Activity
The response should repeat word for word every line below from the one with "порядок Культурной Камеры." to the one with "ΔABH - прямоугольный, т.", inclusive, and nothing else; leave pictures out.

Dataset content

== Segment start ==

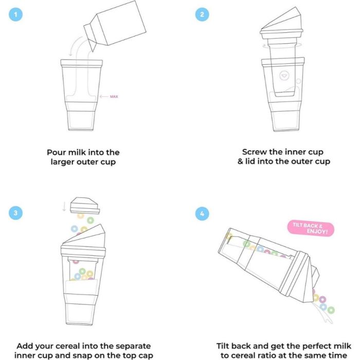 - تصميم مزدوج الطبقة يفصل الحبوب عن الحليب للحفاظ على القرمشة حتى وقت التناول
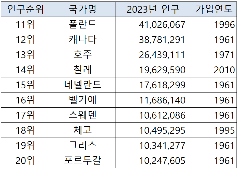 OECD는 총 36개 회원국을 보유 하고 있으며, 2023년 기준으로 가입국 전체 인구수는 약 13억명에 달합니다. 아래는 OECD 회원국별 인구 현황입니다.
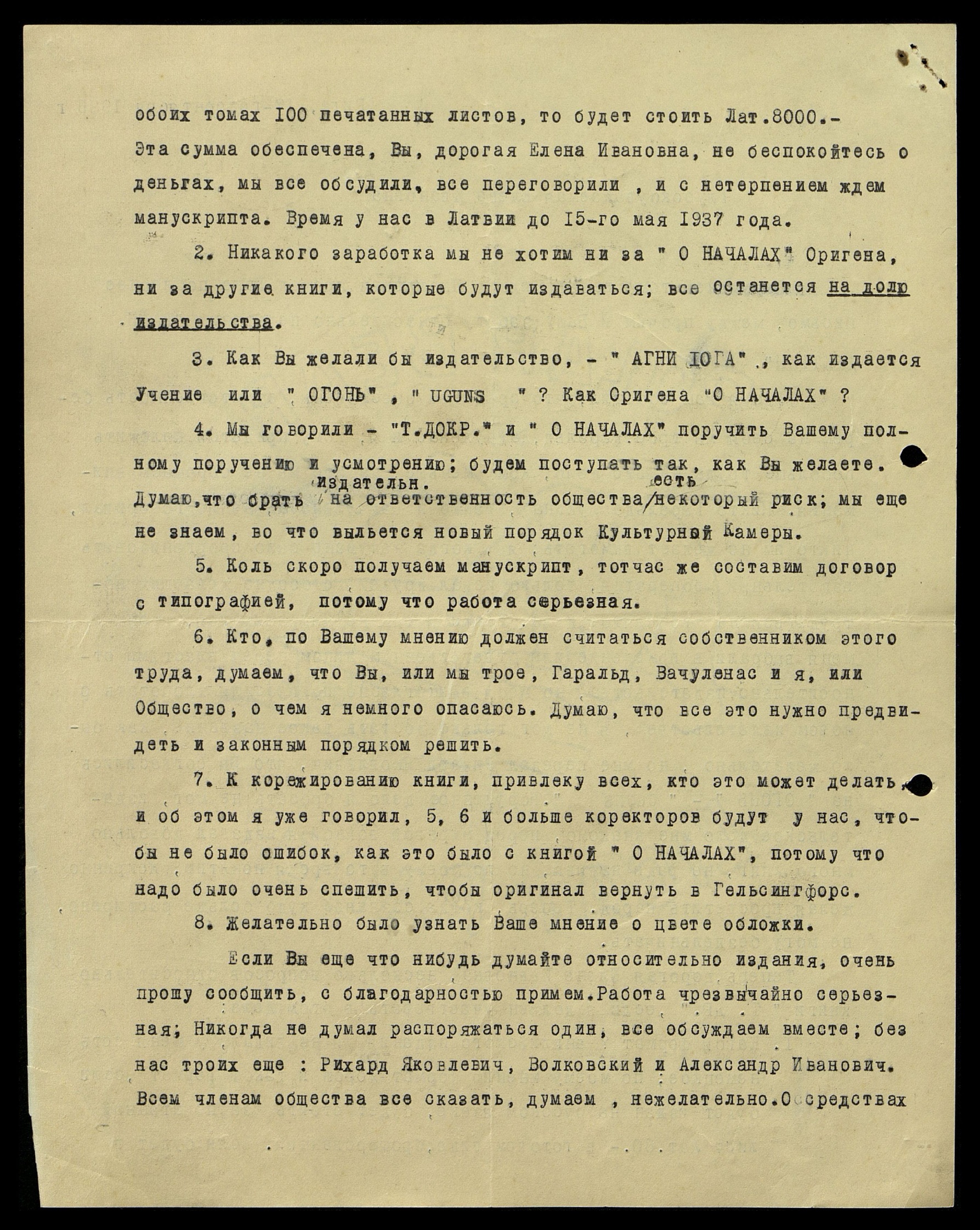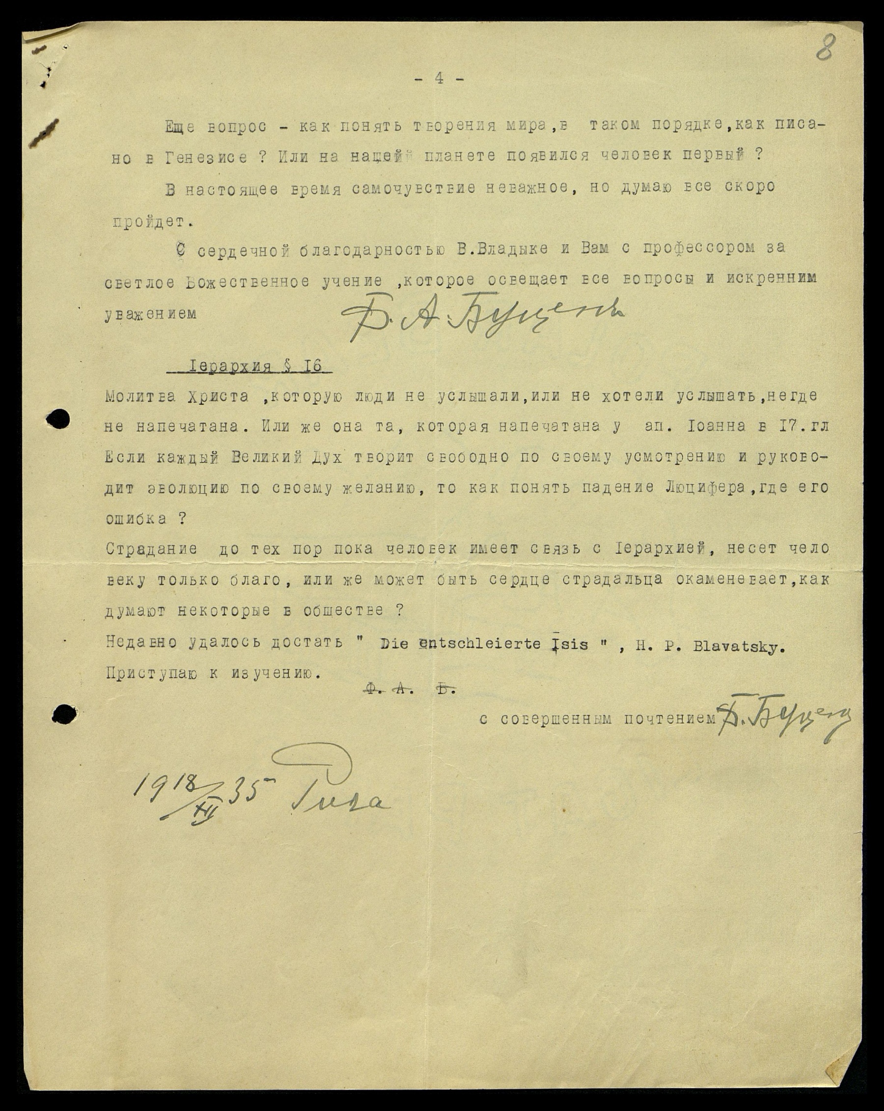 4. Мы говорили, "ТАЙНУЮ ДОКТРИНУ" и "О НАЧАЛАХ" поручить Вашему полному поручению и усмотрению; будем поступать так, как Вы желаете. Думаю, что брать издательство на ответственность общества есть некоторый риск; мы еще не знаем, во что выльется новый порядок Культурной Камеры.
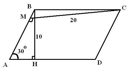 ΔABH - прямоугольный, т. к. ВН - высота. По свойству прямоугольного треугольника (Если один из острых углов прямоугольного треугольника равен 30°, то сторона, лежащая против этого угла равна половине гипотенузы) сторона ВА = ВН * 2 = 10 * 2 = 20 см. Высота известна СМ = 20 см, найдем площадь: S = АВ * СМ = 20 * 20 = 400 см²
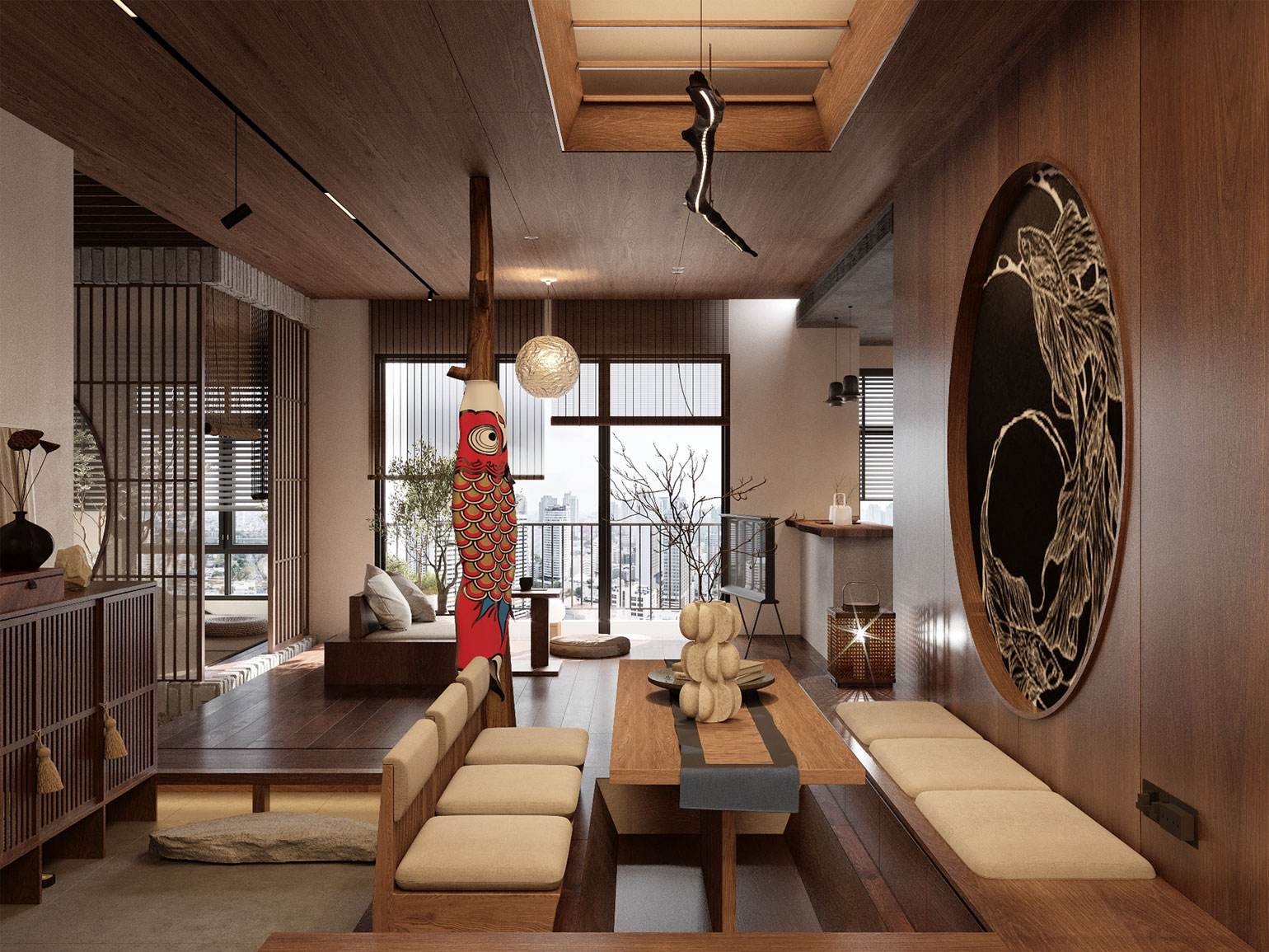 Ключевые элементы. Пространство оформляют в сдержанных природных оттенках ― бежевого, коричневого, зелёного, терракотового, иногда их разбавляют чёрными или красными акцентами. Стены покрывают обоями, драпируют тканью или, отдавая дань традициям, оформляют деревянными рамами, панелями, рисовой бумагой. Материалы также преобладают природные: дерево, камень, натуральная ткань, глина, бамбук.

== Segment end ==

Task answer
 4. Мы говорили, "ТАЙНУЮ ДОКТРИНУ" и "О НАЧАЛАХ" поручить Вашему полному поручению и усмотрению; будем поступать так, как Вы желаете. Думаю, что брать издательство на ответственность общества есть некоторый риск; мы еще не знаем, во что выльется новый порядок Культурной Камеры.
 ΔABH - прямоугольный, т. к. ВН - высота. По свойству прямоугольного треугольника (Если один из острых углов прямоугольного треугольника равен 30°, то сторона, лежащая против этого угла равна половине гипотенузы) сторона ВА = ВН * 2 = 10 * 2 = 20 см. Высота известна СМ = 20 см, найдем площадь: S = АВ * СМ = 20 * 20 = 400 см²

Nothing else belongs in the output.